Top 10: Best Daniel Day-Lewis Performances in Honor of ‘Phantom Thread’

Few actors are as committed or talented as Daniel Day-Lewis. The actor remains famous for his use of the method acting technique. Contemporaries, such as Jared Leto and Jim Carrey, have also explored this tactic, but to mixed results and plenty of on-set mishaps. However, Day-Lewis’ professionalism and skill set him apart from the rest. Day-Lewis’ three-decades-long career has resulted in three Oscar wins (“My Left Foot,” “There Will Be Blood” and “Lincoln”). The actor worked very rarely, only having four roles in the past eleven years.

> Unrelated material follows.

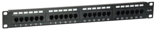 Equip Patch panel - 235325 (24 port, Cat5e, 1U, árnyékolatlan, fekete) 235325 24-Port Cat. 5e Unshielded Patch Panel, Black Model Number 235325 SKU 235325 24 Ports x Cat. 5e RJ45 Unshielded Class D, up tp 100MHz, 10/100Base-T, 1GBase-T Compliant with ANSI/TIA/EIA 568 standard IDC T568A/T568B Color Coded Dual IDC (LSA and 110) compatible 19", 1U Material: Strudy Steel Color: Black (RAL 9005) The

However, his selective process has helped give us so many masterful performances.

Daniel Day-Lewis returns to work with Paul Thomas Anderson (the man behind his Oscar-winning performance in “There Will Be Blood”) with the film “Phantom Thread.” The film follows a famed dressmaker, Reynolds Woodcock (Day-Lewis), and his relationship with a young woman, Alma (Vicky Krieps), who soon becomes his muse. “Phantom Thread” (opening Dec. 25 in limited release) also appears to be Daniel Day-Lewis’ final performance before retirement.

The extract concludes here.